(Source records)
◆ ◆ ◆
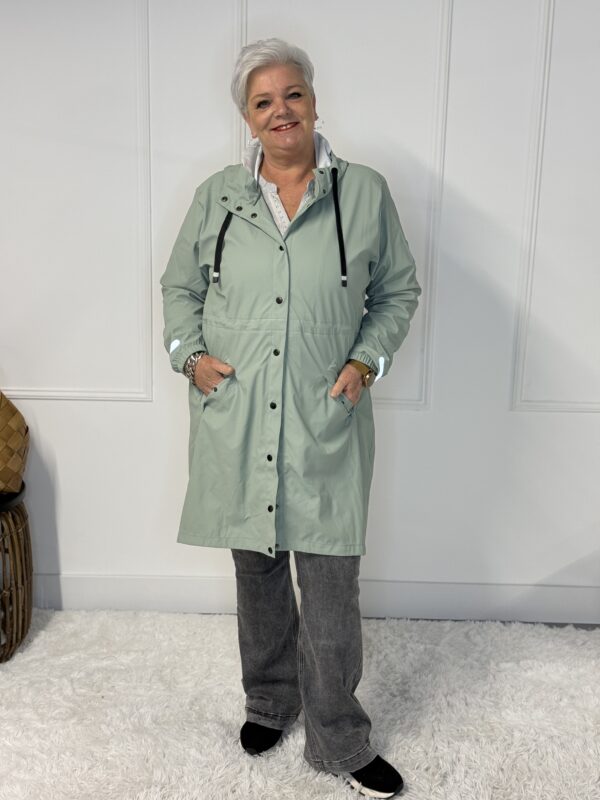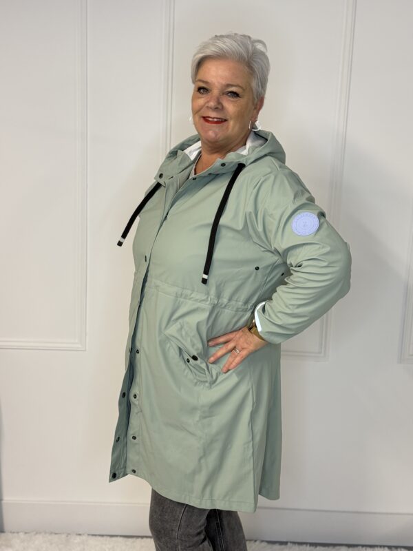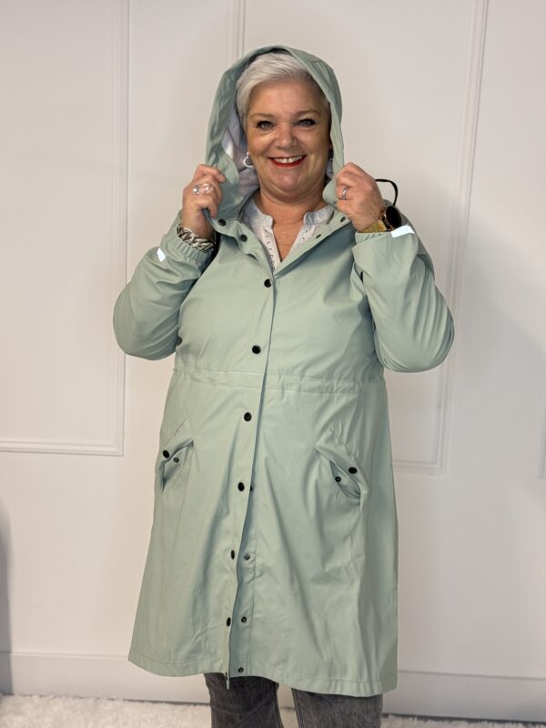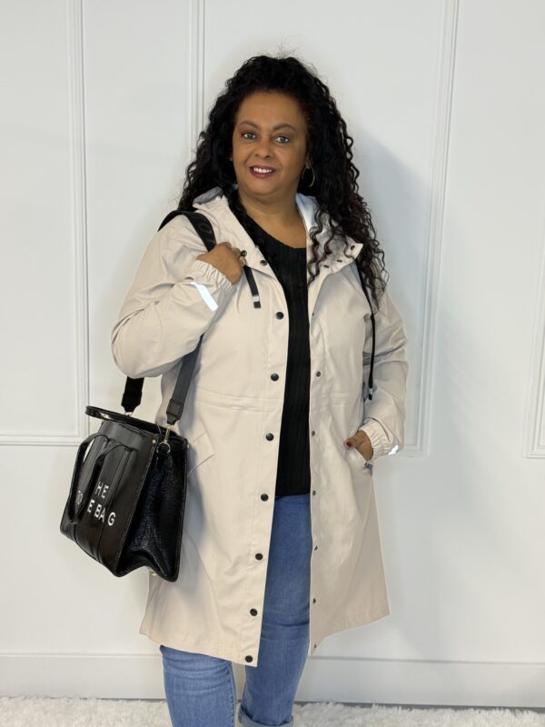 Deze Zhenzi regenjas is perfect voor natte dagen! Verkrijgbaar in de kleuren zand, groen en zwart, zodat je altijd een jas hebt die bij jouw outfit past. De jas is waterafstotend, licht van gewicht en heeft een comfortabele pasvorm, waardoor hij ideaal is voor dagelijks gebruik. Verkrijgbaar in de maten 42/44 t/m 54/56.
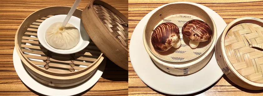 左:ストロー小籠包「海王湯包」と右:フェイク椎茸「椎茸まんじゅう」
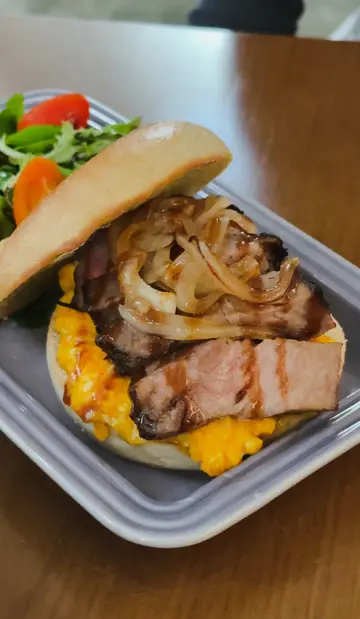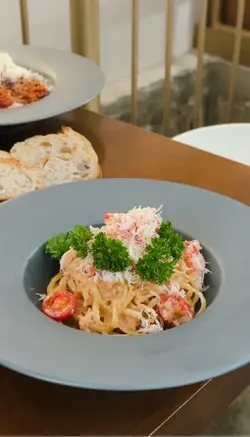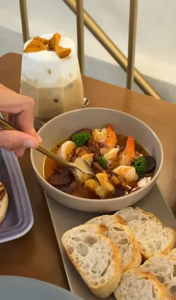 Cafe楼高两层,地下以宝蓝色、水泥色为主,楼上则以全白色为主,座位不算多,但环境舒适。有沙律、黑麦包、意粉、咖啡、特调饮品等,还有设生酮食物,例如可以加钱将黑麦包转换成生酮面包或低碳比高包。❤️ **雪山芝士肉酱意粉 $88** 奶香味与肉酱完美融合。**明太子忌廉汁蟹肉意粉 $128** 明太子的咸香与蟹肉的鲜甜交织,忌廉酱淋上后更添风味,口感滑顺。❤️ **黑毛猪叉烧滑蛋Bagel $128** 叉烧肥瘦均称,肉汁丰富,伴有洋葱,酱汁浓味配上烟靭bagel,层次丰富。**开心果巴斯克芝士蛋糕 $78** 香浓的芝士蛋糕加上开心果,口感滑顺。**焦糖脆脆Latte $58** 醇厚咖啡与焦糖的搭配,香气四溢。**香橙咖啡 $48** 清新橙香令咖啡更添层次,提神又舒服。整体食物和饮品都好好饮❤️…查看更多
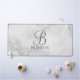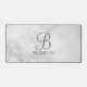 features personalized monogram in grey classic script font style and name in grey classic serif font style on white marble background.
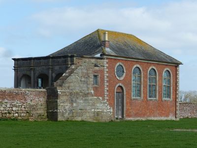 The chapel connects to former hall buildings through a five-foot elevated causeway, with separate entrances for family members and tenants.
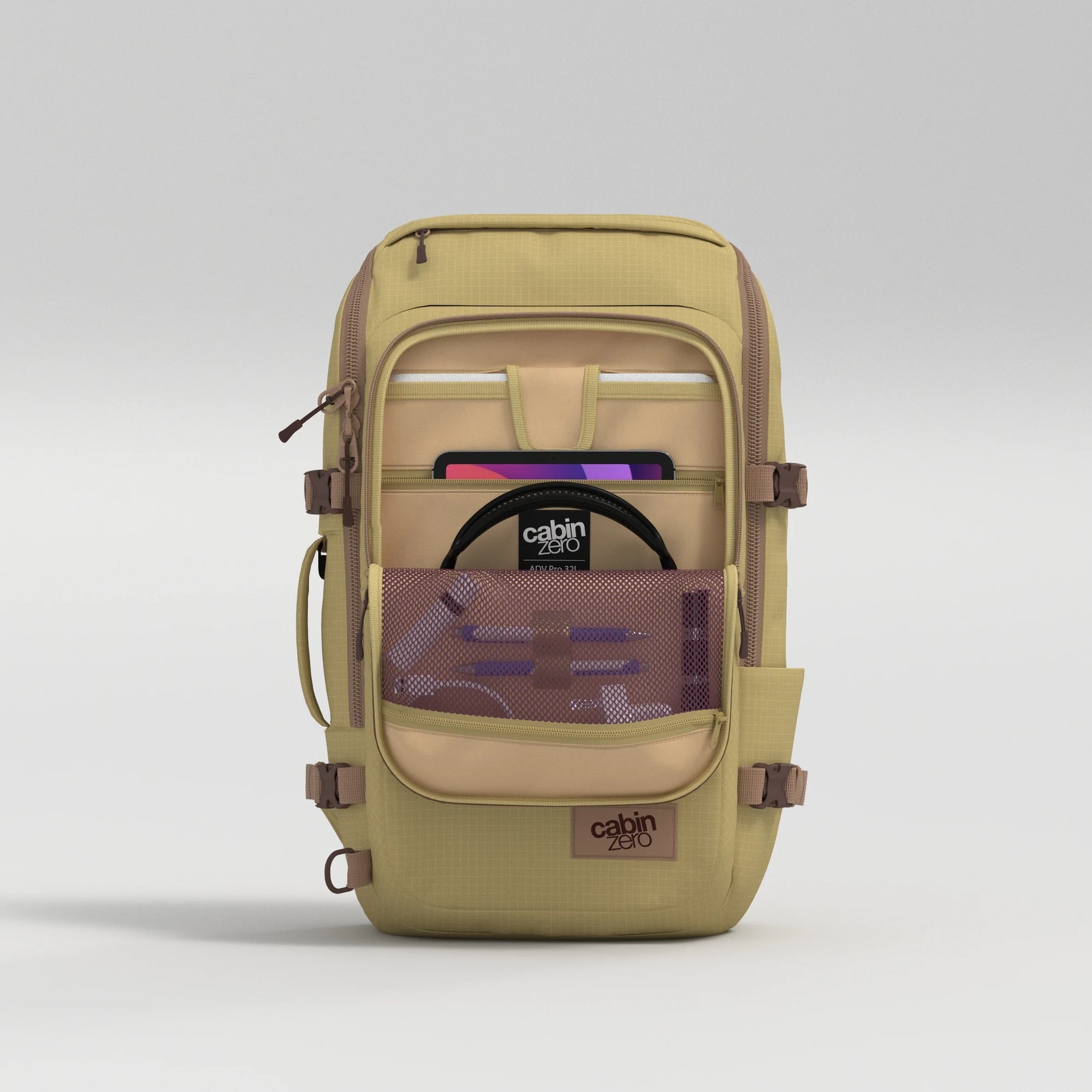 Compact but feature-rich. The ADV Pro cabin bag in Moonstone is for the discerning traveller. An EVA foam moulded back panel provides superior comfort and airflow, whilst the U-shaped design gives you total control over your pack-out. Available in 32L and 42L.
◆ ◆ ◆
Word for word, please reproduce each entry above and leave out every picture.

 Deze Zhenzi regenjas is perfect voor natte dagen! Verkrijgbaar in de kleuren zand, groen en zwart, zodat je altijd een jas hebt die bij jouw outfit past. De jas is waterafstotend, licht van gewicht en heeft een comfortabele pasvorm, waardoor hij ideaal is voor dagelijks gebruik. Verkrijgbaar in de maten 42/44 t/m 54/56.
 左:ストロー小籠包「海王湯包」と右:フェイク椎茸「椎茸まんじゅう」
 Cafe楼高两层,地下以宝蓝色、水泥色为主,楼上则以全白色为主,座位不算多,但环境舒适。有沙律、黑麦包、意粉、咖啡、特调饮品等,还有设生酮食物,例如可以加钱将黑麦包转换成生酮面包或低碳比高包。❤️ **雪山芝士肉酱意粉 $88** 奶香味与肉酱完美融合。**明太子忌廉汁蟹肉意粉 $128** 明太子的咸香与蟹肉的鲜甜交织,忌廉酱淋上后更添风味,口感滑顺。❤️ **黑毛猪叉烧滑蛋Bagel $128** 叉烧肥瘦均称,肉汁丰富,伴有洋葱,酱汁浓味配上烟靭bagel,层次丰富。**开心果巴斯克芝士蛋糕 $78** 香浓的芝士蛋糕加上开心果,口感滑顺。**焦糖脆脆Latte $58** 醇厚咖啡与焦糖的搭配,香气四溢。**香橙咖啡 $48** 清新橙香令咖啡更添层次,提神又舒服。整体食物和饮品都好好饮❤️…查看更多
 features personalized monogram in grey classic script font style and name in grey classic serif font style on white marble background.
 The chapel connects to former hall buildings through a five-foot elevated causeway, with separate entrances for family members and tenants.
 Compact but feature-rich. The ADV Pro cabin bag in Moonstone is for the discerning traveller. An EVA foam moulded back panel provides superior comfort and airflow, whilst the U-shaped design gives you total control over your pack-out. Available in 32L and 42L.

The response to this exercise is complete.